Context. - Inflammation is pivotal to atherosclerosis. The monocyte-macrophage, a crucial cell in atherogenesis, is present during all stages of atherosclerosis. However, there is a paucity of data comparing circulating monocytes to cholesterol-laden macrophages (foam cells), with regard to their atherogenic properties, especially in subjects with established risk factors such as hyperlipidemia. Objective. - To determine whether the circulating blood monocyte is representative of the cholesterol-loaded macrophage with regard to its proatherogenicity in healthy controls and hyperlipidemic patients.
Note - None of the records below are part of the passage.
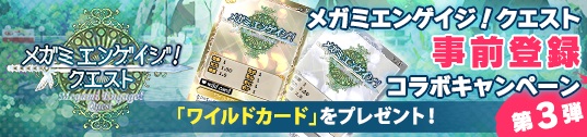 近日リリース予定のスマートフォンアプリ「メガミエンゲイジ!クエスト」の事前登録完了後にプレイできる「フライング・バトル」で規定数勝利すると「メガミエンゲイジ!」でつかえる「ワイルドカード」のシリアルコードをプレゼント!
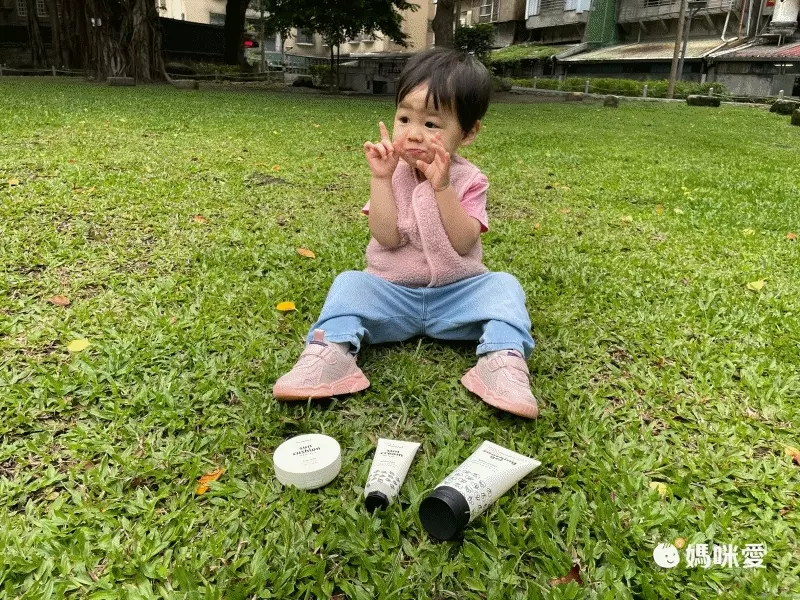 因為臉已經鋪滿粉底了,柳橙媽咪就請柳橙自己擦一下手臂的部分。保濕防曬乳使用7種草本植物萃取,並添加神經醯氨補足肌膚水分,防曬係數SPF30, PA+++,有效阻擋UVA, UVB,很適合戶外踏青、戲水時使用,跟大人塗防曬乳一樣,記得定時補充才能好好保護皮膚!
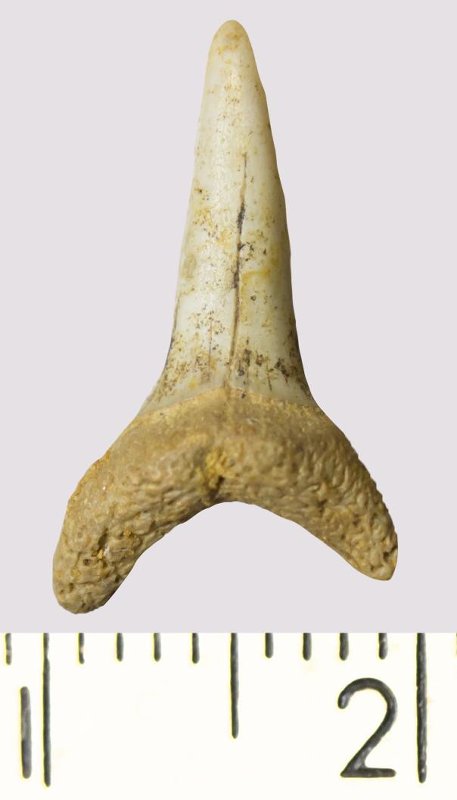 Зуб. Акула. Odontaspis venusta (Leriche, 1929). Классификация: Хордовые Chordata, Позвоночные Vertebrata, Хрящевые рыбы Chondrichthyes, Пластиножаберные Elasmobranchii
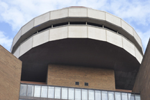 The Minas parking garage was built in 1960 for the E.C. Minas department store which operated from 1894-1984. It features pebbled concrete screens. In 1981, the parking garage was sold to the First Baptist Church. The vertical sign was adapted at that time. [map]
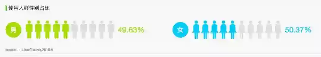 2)用户性别分布男女比例较为均衡,为49.63:50.37,基本持平。
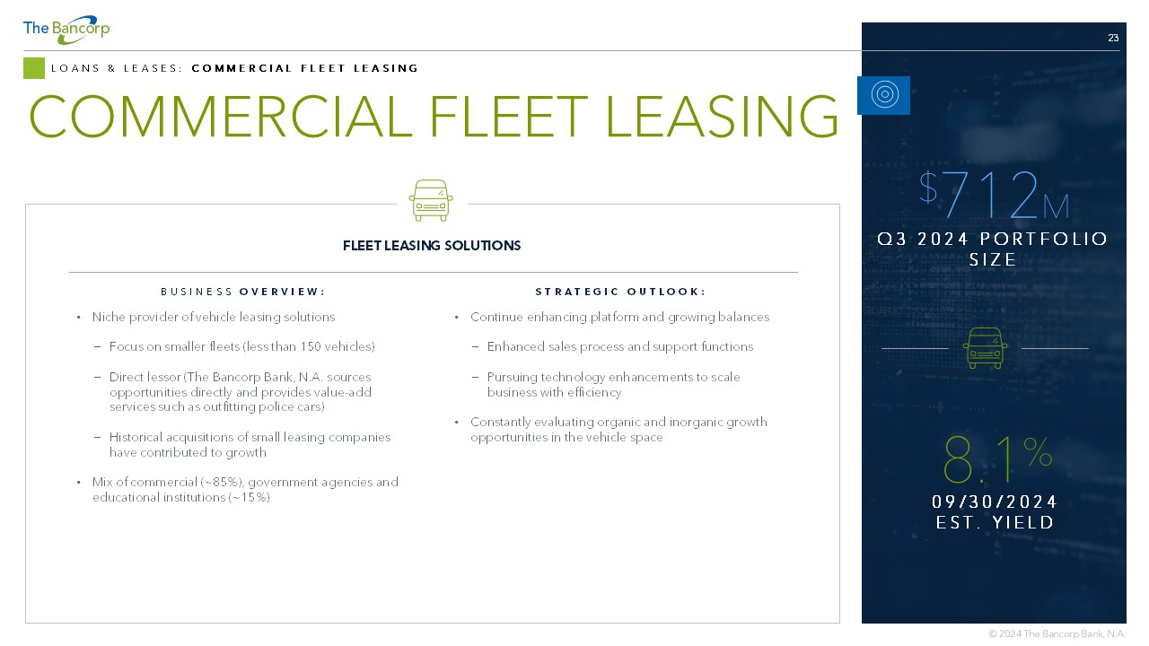 TYPE DISTRIBUTION • Diverse product mix • Commercial mortgage and construction are generally originated with 50% - 60% LTV’s GEOGRAPHIC DISTRIBUTION • Diverse geographic mix • Largest concentration in California representing 24% of total PORTFOLIO ATTRIBUTES 23 LOANS & LEASES: COMMERCIAL FLEET LEASING COMMERCIAL FLEET LEASING BUSINESS OVERVIEW: • Niche provider of vehicle leasing solutions − Focus on smaller fleets (less than 150 vehicles) − Direct lessor (The Bancorp Bank, N.A. sources opportunities directly and provides value - add services such as outfitting police cars) − Historical acquisitions of small leasing companies have contributed to growth • Mix of commercial (~85%), government agencies and educational institutions (~15%) STRATEGIC OUTLOOK: • Continue enhancing platform and growing balances − Enhanced sales process and support functions − Pursuing technology enhancements to scale business with efficiency • Constantly evaluating organic and inorganic growth opportunities in the vehicle space FLEET LEASING SOLUTIONS $ 712 M Q3 2024 PORTFOLIO SIZE 8.1 % 09/30/2024 EST.
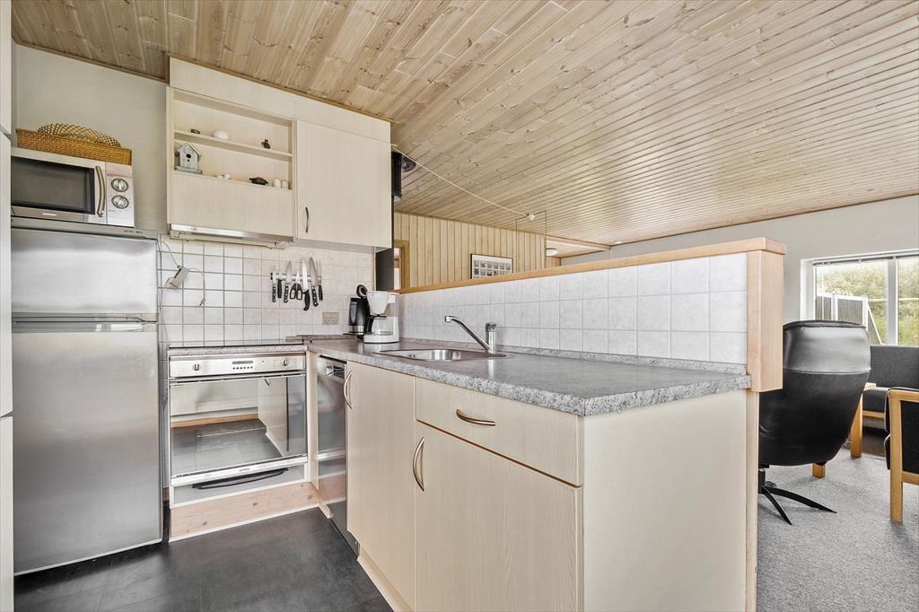 Ferienhaus in Lakolk, Westjütland, mit Platz für 3 Erwachsene. Es erwartet Sie eine gemütliche Einrichtung mit u.a. Kamin, darüber hinaus sind Waschmaschine und Spülmaschine in dieser Unterkunft vorhanden.
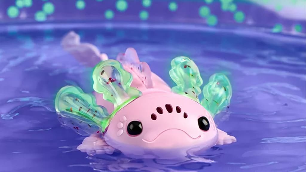 Ha a gyerekek megsimogatják a fejét (és aktiválják a hasérzékelőt azzal, hogy a kezükben tartják), az axolotl különböző színekkel jelzi a gyerek hangulatát. Egy szín-hangulat útmutató is rendelkezésre áll — a kék álmos, a lila boldog, a zöld bolondos, és így tovább. Amikor a gyerekek csak a fejét simogatják anélkül, hogy megérintenék a hasérzékelőt, a kis axolotl egy dalt énekel. A játék az inflálható medencében is képes mozogni a vízben.

Design. - Fasting blood was drawn from 32 subjects (n = 16 controls and n = 16 hyperlipidemic patients), and peripheral blood monocytes were obtained. Also, macrophages were cultured and loaded with acetyl low-density lipoprotein on day 10. Day 1 peripheral blood monocytes and day 11 cholesterol-loaded macrophages were assessed for release of superoxide anion and cytokines (interleukin 1, interleukin 6, tumor necrosis factor α); surface expression of CD11b, VLA-4, and CD40; and adhesion to human endothelium. Results. - Monocyte and cholesterol-loaded macrophage superoxide anion release, cytokines, and adhesion of monocytes to human endothelium were significantly increased in hyperlipidemic patients compared with controls. Furthermore, following cholesterol loading, there were no significant differences in monocyte versus cholesterol-loaded macrophage activity (P = .71). Also, CD14 and CD11b surface expression on monocytes was significantly increased in hyperlipidemic patients as compared with controls. The magnitude of change in the monocytes versus cholesterol-loaded macrophages was similar. Conclusions. - From these studies, we can conclude that the monocyte, which is readily accessible, is an appropriate cell to study for modulation of proatherogenic activity, especially with regard to genomic and proteomic analyses/microarrays.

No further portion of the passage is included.